Quote of note:
Matching investors with doctors can raise particularly troubling questions. Physicians frequently serve as clinical researchers for the pharmaceutical and biotechnology industries, testing new drugs. Inside knowledge about those tests, before it is publicly available, could be worth millions. The Securities and Exchange Commission has now begun looking at whether doctors, participating in clinical trials, are accepting money to talk to analysts and investors about the confidential results. Such a breach, under some circumstances, could be construed as a violation of insider trading law.
Doctors' Links With Investors Raise Concerns
By STEPHANIE SAUL and JENNY ANDERSON
At first, the calls seemed innocuous. Investment companies were offering Dr. Ronald B. Natale $200 or $300 for 15 minutes, asking that he discuss general trends in lung cancer, sometimes over the telephone.
But Dr.

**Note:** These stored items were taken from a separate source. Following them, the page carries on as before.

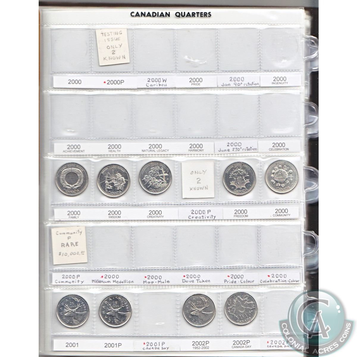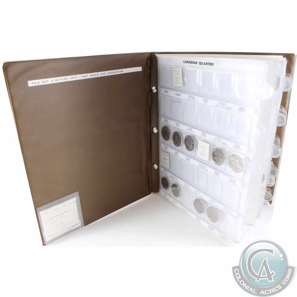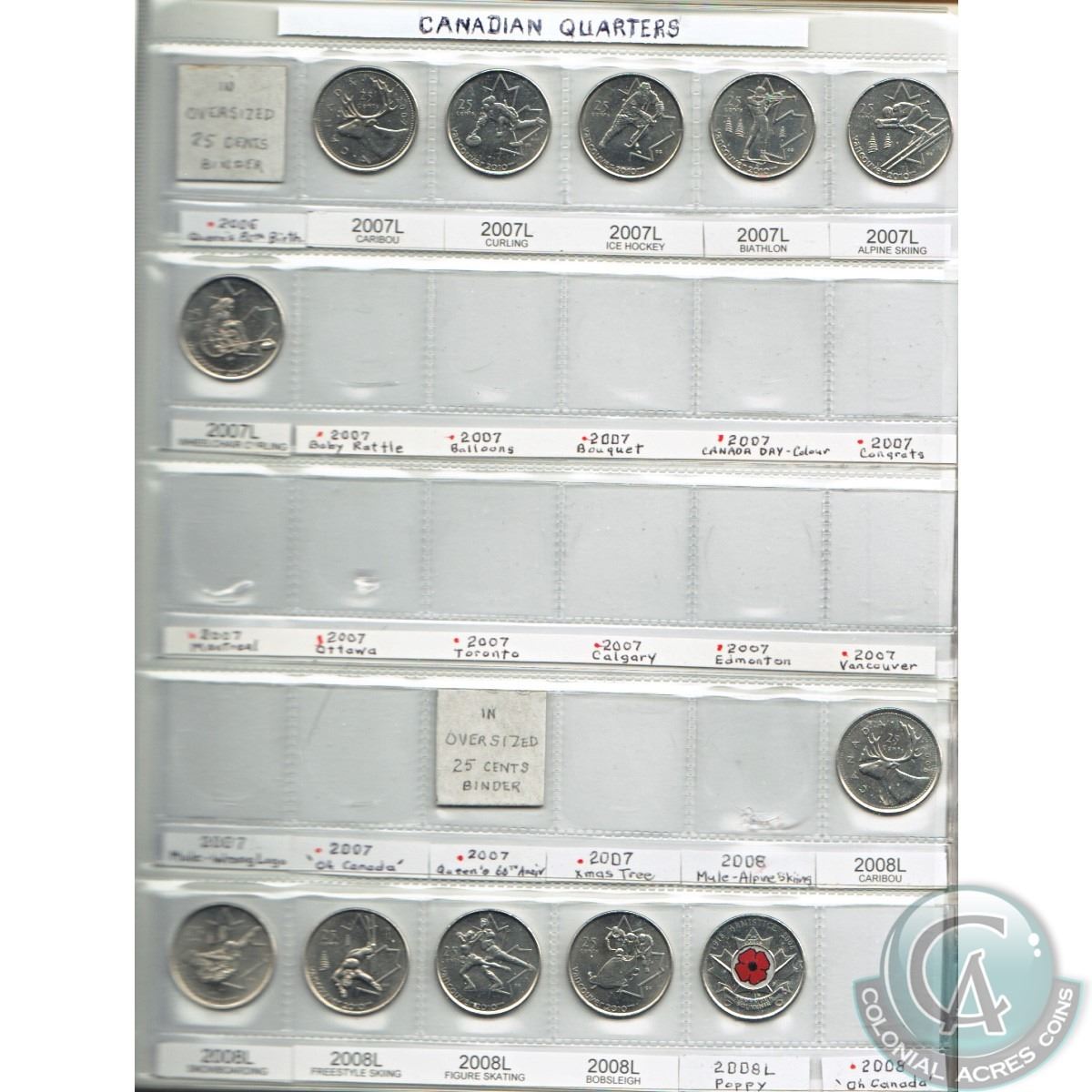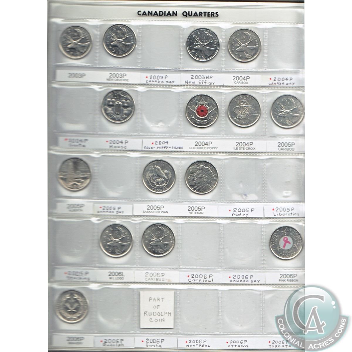 Estate lot of Canada 25cts from 2000 to 2016, most coins are commemorative, some are coloured. Comes in a brown folder and also includes the 2000 Moose 25ct plus many other commemoratives. 72pcs.
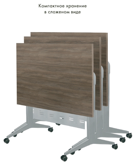 На удобных, прорезиненных роликах, стол свободно перемещается по полу. В сложенном состоянии столы ставятся рядом друг с другом и хранятся, занимая совсем немного места.
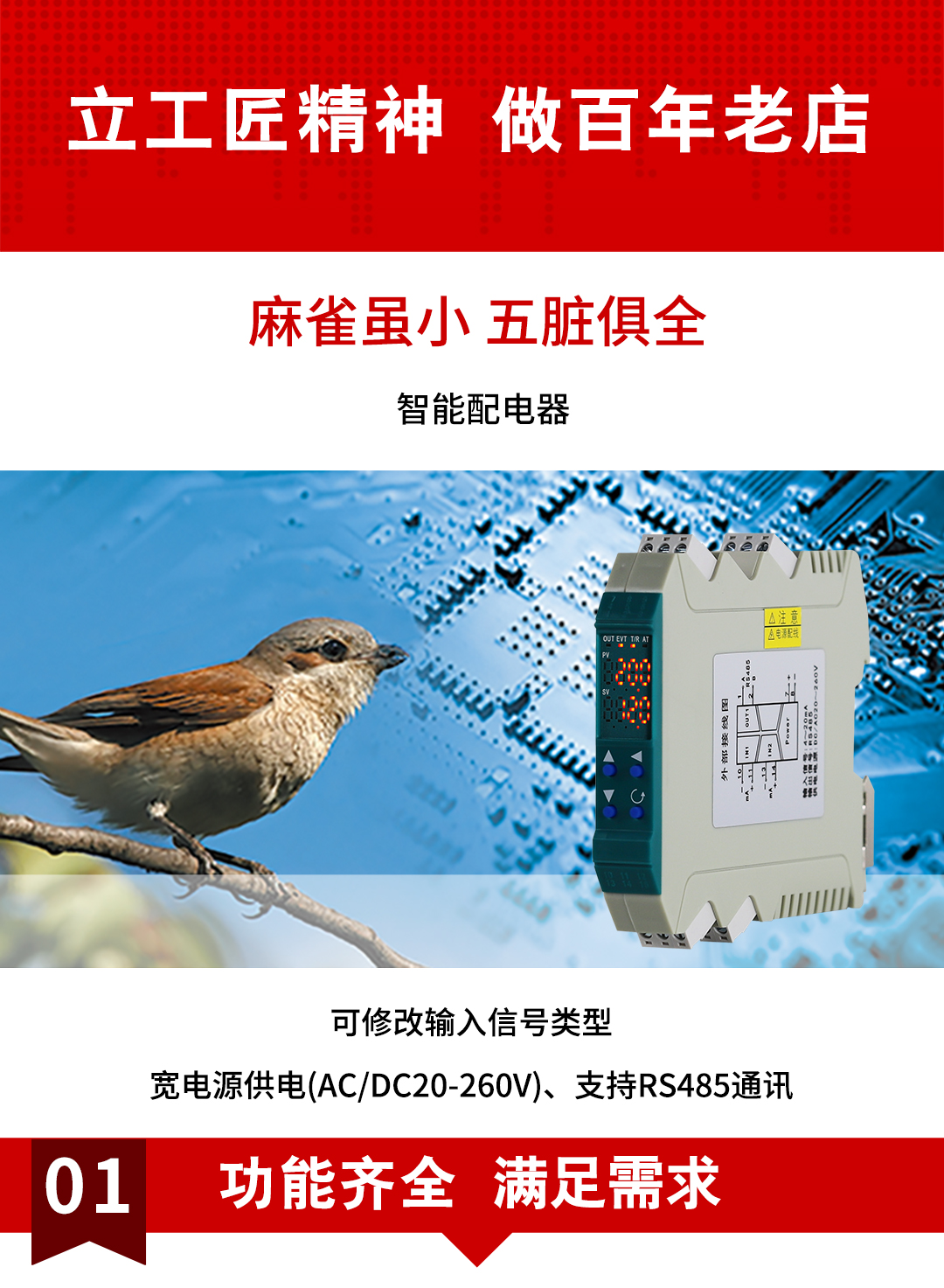 NHR-X33系列導(dǎo)軌式智能配電器給二、三線制變送器提供隔離的電源電壓,將變送器產(chǎn)生的直流電壓電流信號,經(jīng)本隔離器轉(zhuǎn)換成所需的輸出信號至控制系統(tǒng)。寬電源設(shè)計:20-260V交直流供電。配置高清顯示單元,通過輕觸按鍵設(shè)置每個通道的參數(shù)及每個通道之間的切換。
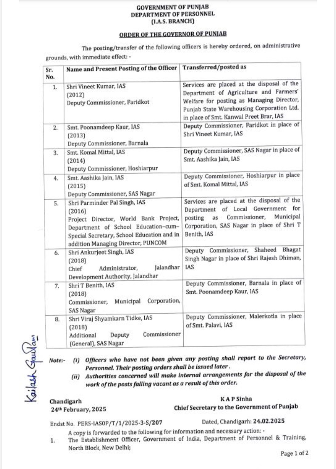 Home Punjab पंजाब: तबादला 4 जिलों के DC सहित 8 IAS अधिकारियों का, पढ़ें... Punjab पंजाब: तबादला 4 जिलों के DC सहित 8 IAS अधिकारियों का, पढ़ें सूची By News Desk - February 24, 2025 Facebook Twitter Pinterest WhatsApp Email Print Telegram
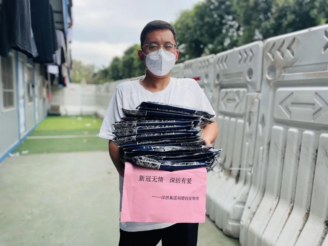 我们之所以选择捐赠速干衣,是因为根据实际情况考虑到抗疫一线突击队队员们的实际需求,希望这些速干衣能给他们在炎热的天气下带来一丝清凉,让他们能够工作得更轻松一些。当然,疫情当前,深纺集团作为国企,理所应当展现国企担当,助力深圳抗疫,与抗疫一线工作者站在一起。
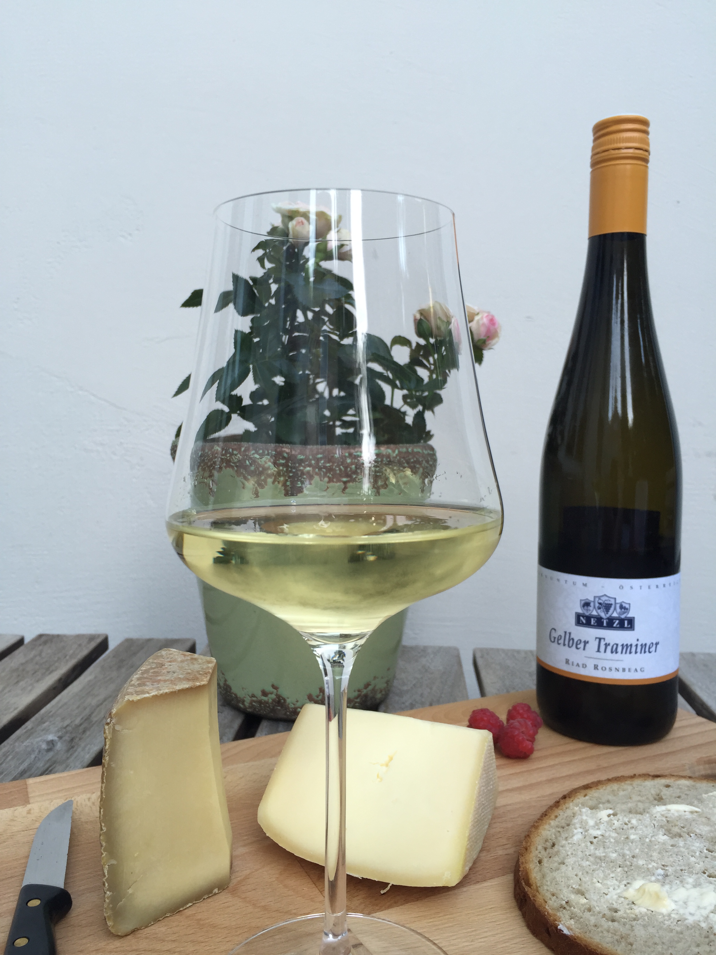 Nun, der Käse hatte jetzt genug Zeit Zimmertemperatur anzunehmen, der Traminer, um gut gekühlt den Sommertemperaturen stand zu halten.
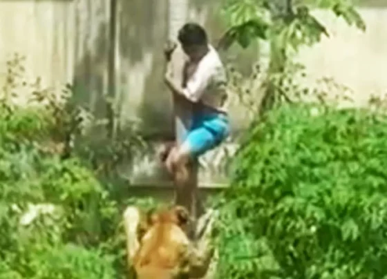 Rapaz escalou muro e usou árvore para entrar em recinto proibido; leoa o puxou pelo quadril – Foto reprodução…
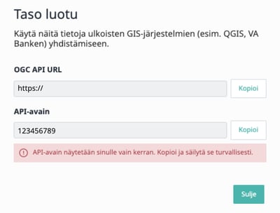 API-avain näytetään vain kerran, joten ota tämä talteen. Mikäli ikkuna suljetaan ennen avaimen talteen ottoa, voit OGC-tason "Toiminnot" kohdasta klikata päivityspainiketta jolla saat luotua uuden avaimen.
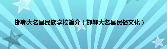 大家好,小常来为大家解答以上问题。邯郸大名县民族学校简介,邯郸大名县民俗文化很多人还不知道,现在让我们一起来看看吧!
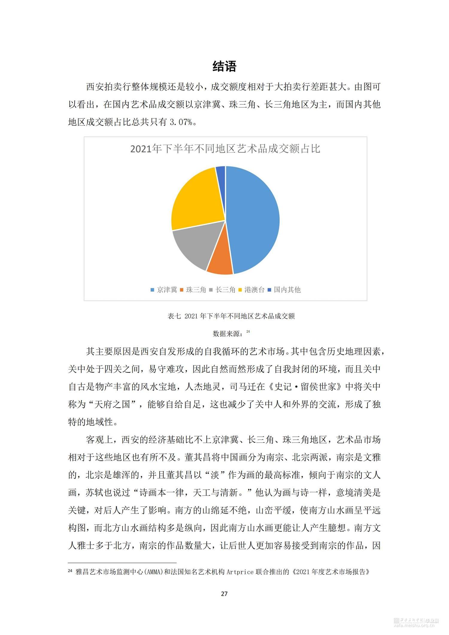 西安拍卖行整体规模还是较小,成交额度相对于大拍卖行差距甚大。由图可以看出,在国内艺术品成交额以京津冀、珠三角、长三角地区为主,而国内其他地区成交额占比总共只有3.07%。其主要原因是西安自发形成的自我循环的艺术市场。其中包含历史地理因素,关中处于四关之间,易守难攻,因此自然而然形成了自我封闭的环境,而且关中自古是物产丰富的风水宝地,人杰地灵,司马迁在《史记·留侯世家》中将关中称为“天府之国”,能够自给自足,这也减少了关中人和外界的交流,形成了独特的地域性。客观上,西安的经济基础比不上京津冀、长三角、珠三角地区,艺术品市场相对于这些地区也有所不及。董其昌将中国画分为南宗、北宗两派,南宗是文雅的,北宗是雄浑的,并且董其昌以“淡”作为画的最高标准,倾向于南宗的文人画,苏轼也说过“诗画本一律,天工与清新。”他认为画与诗一样,意境清美是关键,对后人产生了影响。南方的山绵延不绝,山峦平缓,使南方山水画呈平远构图,而北方山水画结构多是纵向,因此南方山水画更能让人产生臆想。南方文人雅士多于北方,南宗的作品数量大,让后世人更加容易接受到南宗的作品,因此南宗一直处于主导地位,这使全国范围内长安画派的交易量比不上海派或是京津画派,导致以长安画派、黄土画派作品为主的西安艺术市场与外界难以交融。

Natale became suspicious as the money offers kept growing, just before he was to present the case for Iressa, a new lung cancer drug, to a Food and Drug Administration advisory panel in September 2002. Dr. Natale's access to research data on Iressa made him an attractive source for investment researchers seeking inside information.
"Wow, they were offering $1,000, $1,500, for 30 minutes of my time," said Dr. Natale, a prominent researcher at Cedars-Sinai Comprehensive Cancer Center in Los Angeles. He said he routinely turned down offers to speak to investors.
While Dr. Natale has qualms, other doctors apparently do not. Nearly 10 percent of the nation's 700,000 doctors have signed up as consultants with a new segment of the investment industry - companies that act as the Match.com of the investment world, according to an article in The Journal of the American Medical Association. For a fee, they arrange conversations between investors and leading professionals, experts or even employees of major companies.